# Possible pups to look at....



## TAK (Sep 9, 2007)

Well if all worked out, I should have pups on the 21st'ish of April! I am pretty excited about this because of the lines and the two dogs matted!
As you very well know, I am a Rawhide Clown dog line fan... Love'm and I am also a fan of the Rusty line dogs fan... And even more so when you mix the two! Know I have a chance of mixing two Clown/Rusty breed dogs! That should make the pups Double-leey! Good!

As far as the sire goes, Flyboy owned by Emmett Burns in Idaho. I have only seen him one time, but from what I have heard is he is just a dang good dog. Someone more versed in his winning in trials can chime in, but I understand he has won 5 Championsips? One for sure against the long and feathered tailed dogs.
I have a picture of Flyboy but some really ugly dude is holding him and I did not want to hurt anyones eyes! :mrgreen: 
I also understand he is a great bird dog and gets to see his fair share of birds there in Idaho.

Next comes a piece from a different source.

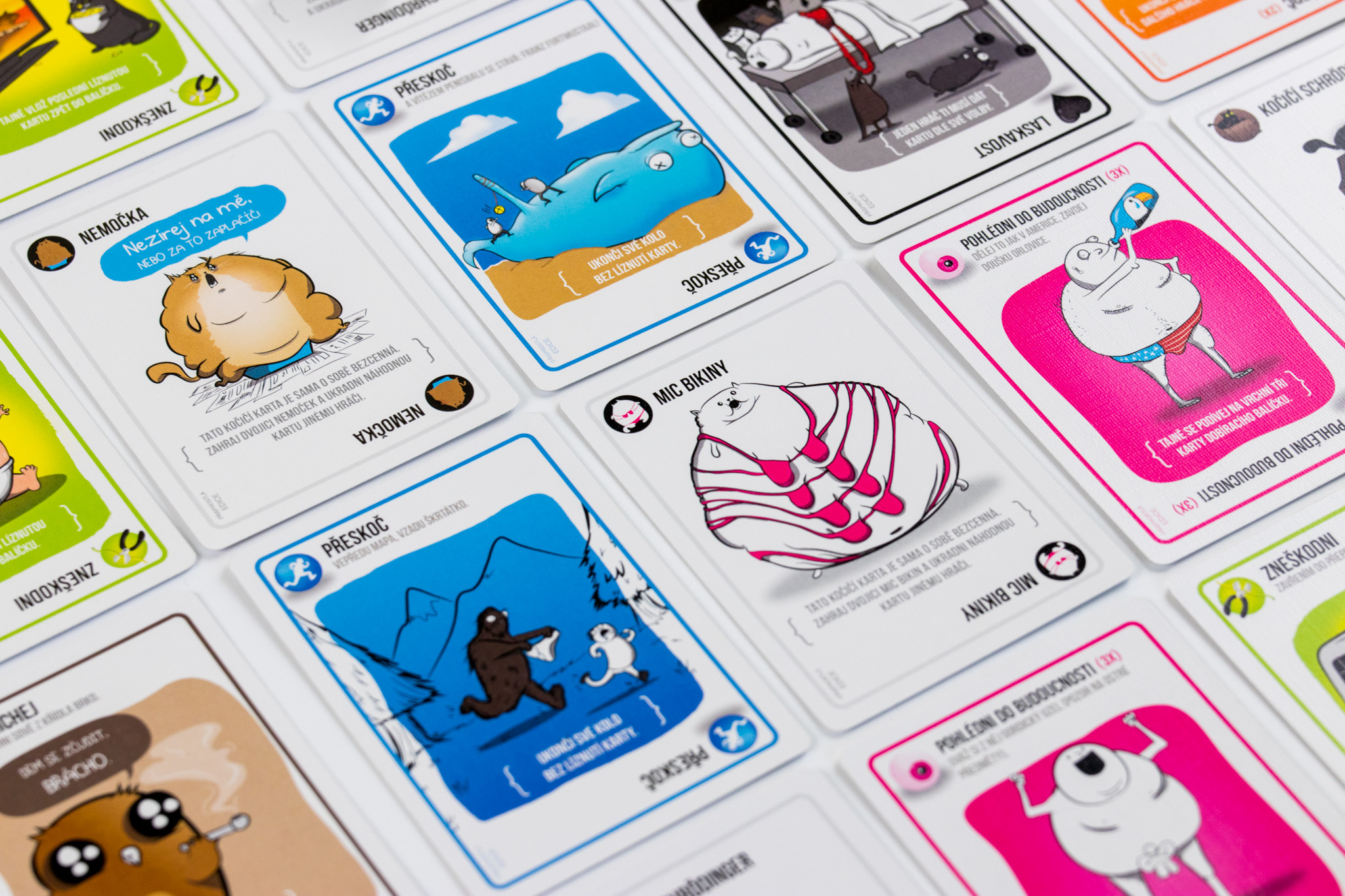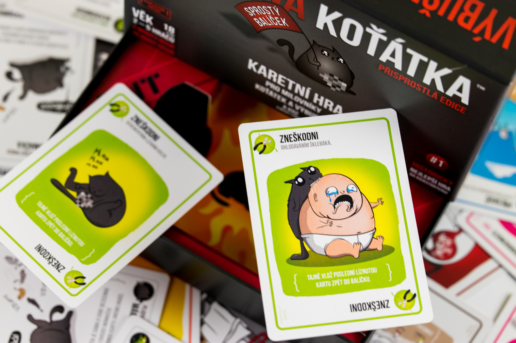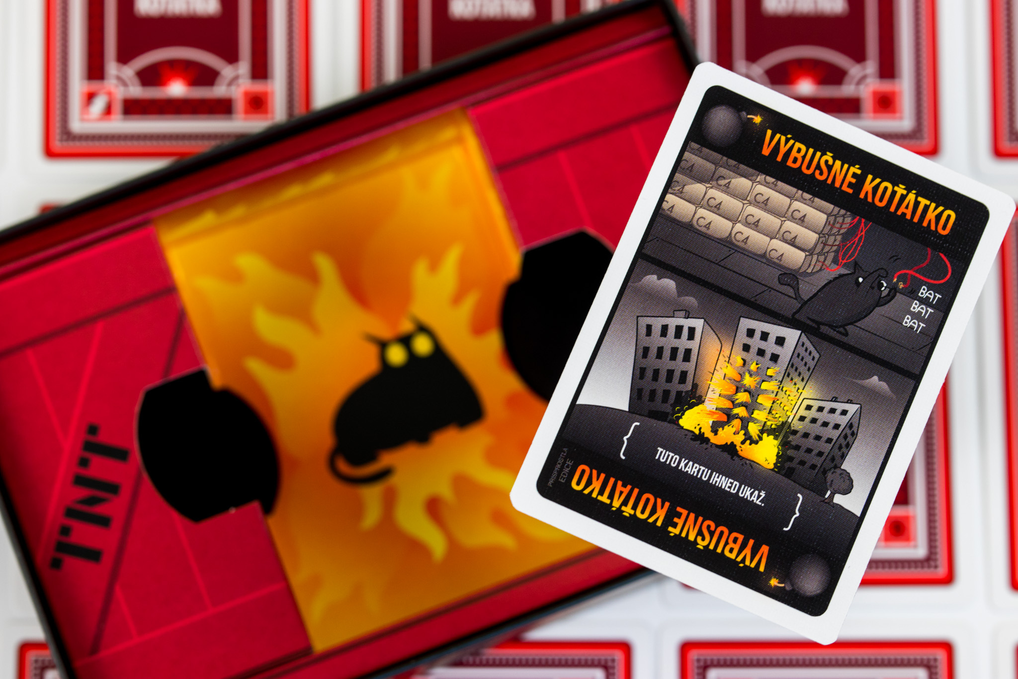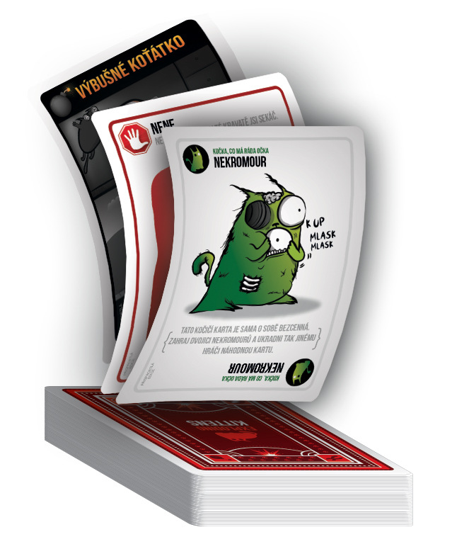O hře Výbušná koťátka Výbušná koťátka jsou extrémně strategickou verzí ruské rulety (jen s koťátky). Hráči si dobírají karty, dokud si někdo nelízne Výbušné koťátko, exploduje, umře a je vyřazen ze hry. Pokud ten hráč nemá kartu Zneškodni, která mu umožní zneškodnit koťátko pomocí laserového ukazovátka, podrbáním na bříšku nebo sendviče s šantou kočičí. Úkolem všech ostatních karet v balíčku je pomoci hráčům držet se Výbušným koťátkům z cesty (nebo je nastrčit do cesty ostatním).

Then you have the mom... Toad. Really if I could have a kennel full of dogs she whould be the mold. She is young, done a little in the NSTRA trials and hope she can in the horse trials. From 5 months old she has been a bird dog, and really easy to be around. I look for some really great things from her for sure in NSTRA and again the other games.

I will see what I get for numbers(or if I get any) but I may sale a few. This will be private treaty...... maybe a trade, maybe I will give them away, or I might keep them all!
FLYBOY

















TOAD


----------



## xxxxxxBirdDogger (Mar 7, 2008)

Emmett Burns helped me get into a trailer and out of a rainstorm last year to present Scooby with his 4th JH ribbon. He seems like a really good guy. This should be a nice litter, TAK. I wish I were in the market for a shorthair right now.


----------



## Huge29 (Sep 17, 2007)

One question, why are you still advertising for Brent Brown after he bent over backwards?


----------



## TAK (Sep 9, 2007)

BirdDogger said:


> Emmett Burns helped me get into a trailer and out of a rainstorm last year to present Scooby with his 4th JH ribbon. He seems like a really good guy. This should be a nice litter, TAK. I wish I were in the market for a shorthair right now.


Emmett is one of the nicest guy I have ever meet while trialing. Not that there is not some great guys and gals out there......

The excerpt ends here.